CourtCourt of Appeals for the Fourth Circuit
DecidedJune 26, 1998
Docket96-2453
StatusUnpublished

This text of Hadrosek v. Paging Network Inc (Hadrosek v. Paging Network Inc) is published on Counsel Stack Legal Research, covering Court of Appeals for the Fourth Circuit primary law. Counsel Stack provides free access to over 12 million legal documents including statutes, case law, regulations, and constitutions.

Bluebook
Hadrosek v. Paging Network Inc, (4th Cir. 1998).

Opinion

UNPUBLISHED

UNITED STATES COURT OF APPEALS

FOR THE FOURTH CIRCUIT

LISA H. HADROSEK, Plaintiff-Appellant,

v. No. 96-2453 PAGING NETWORK, INCORPORATED; PAGING NETWORK OF WASHINGTON, INCORPORATED, Defendants-Appellees.

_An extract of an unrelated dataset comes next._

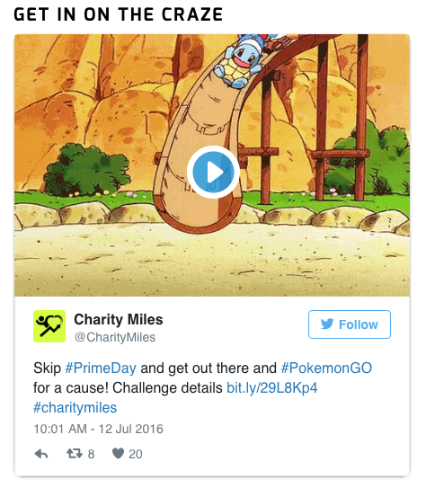 2. 別忘了,Pokémon GO還可以是今年最佳健身類APP 假如你的公司正好深耕于人們的運動健康數(shù)據(jù)的挖掘或是像微公益一樣為公益捐步數(shù),那么Pokémon GO將為你提供極大的助益。要知道Pokémon GO的玩家都走得超級多,他們得到四處抓精靈,走2KM/5KM 的路,只是為了孵精靈蛋。難怪會有人說這是今年最佳的健身類APP,究竟國外為了抓小精靈天天走10公里當即瘦下10公斤的勵志故事已經(jīng)發(fā)生。而Charity Miles就是一家專門人們的行走、步行或騎自行車的里程轉(zhuǎn)化為捐款的APP,
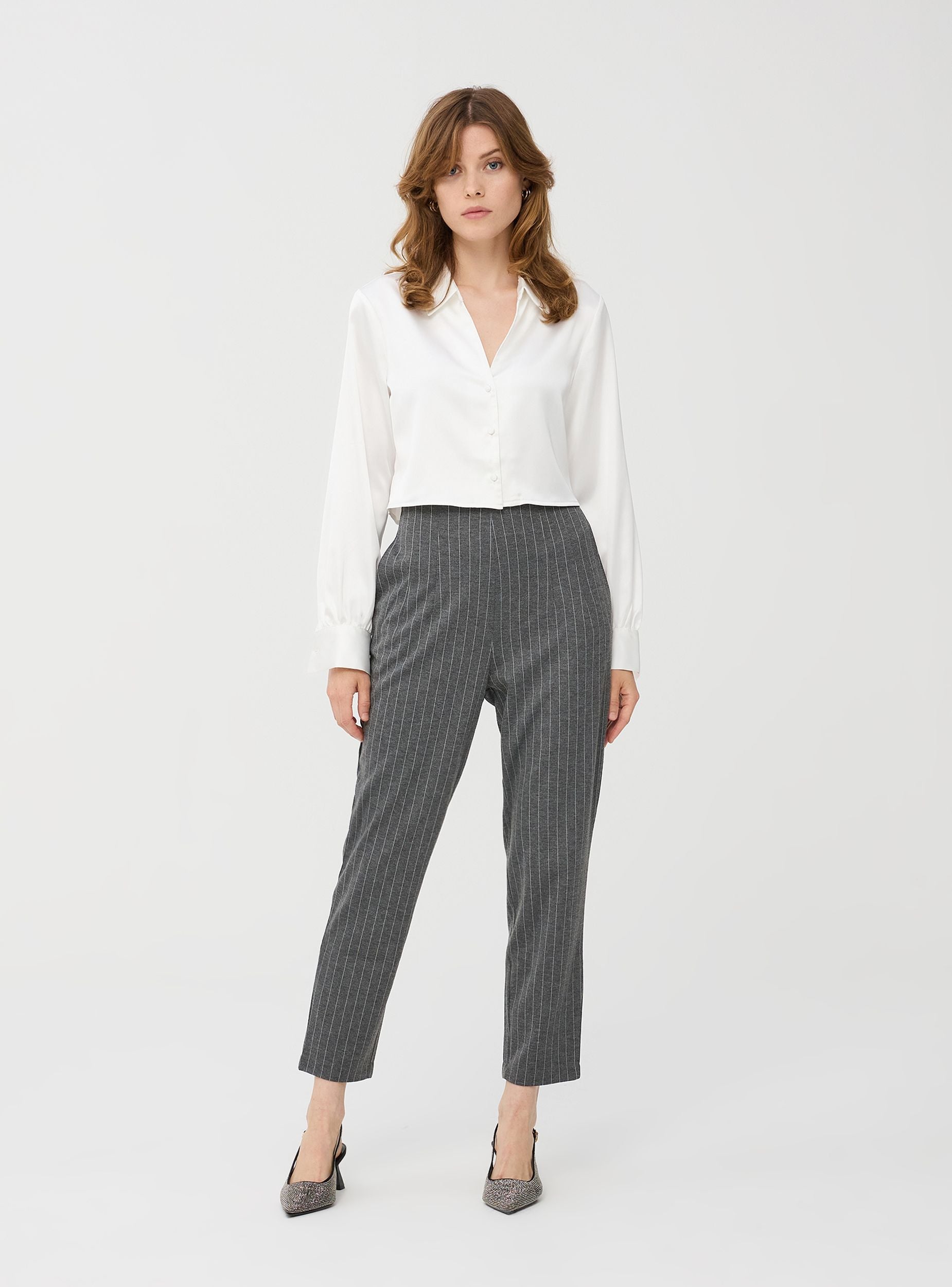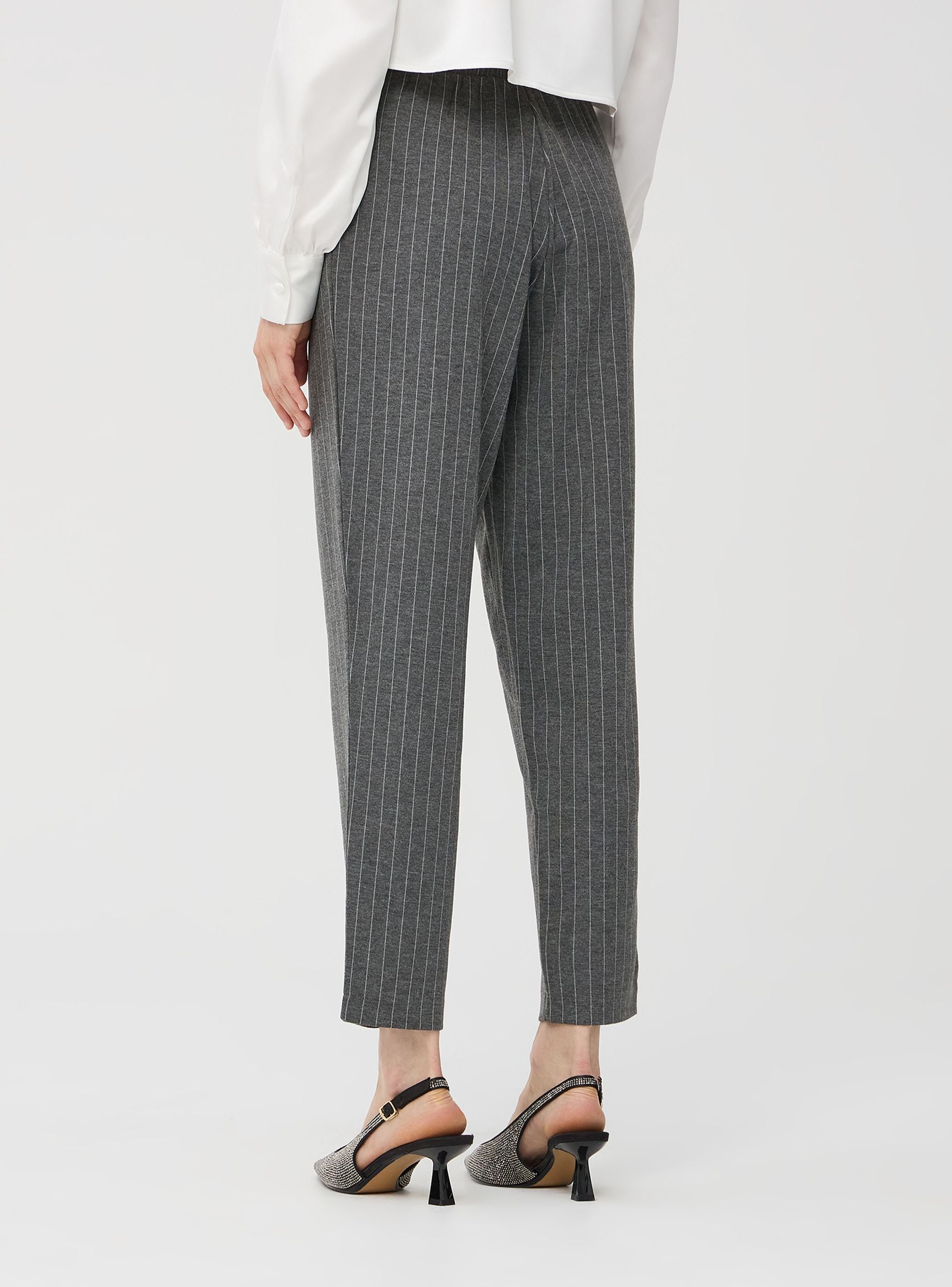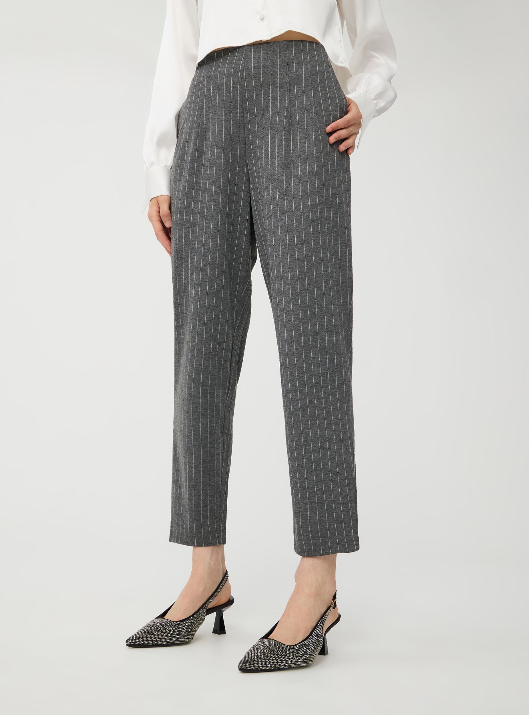 Pantaloni da donna, modello chino. Realizzati in tessuto con motivo gessato. Dotati di due tasche laterali. Facili da abbinare, perfetti per diverse occasioni. Ideali sia per occasioni casual che formali di lavoro.

Appeal from the United States District Court for the District of Maryland, at Greenbelt. Alexander Williams, Jr., District Judge. (CA-95-1741-AW)

Argued: March 2, 1998

Decided: June 26, 1998

Before HAMILTON, Circuit Judge, BUTZNER, Senior Circuit Judge, and MOON, United States District Judge for the Western District of Virginia, sitting by designation.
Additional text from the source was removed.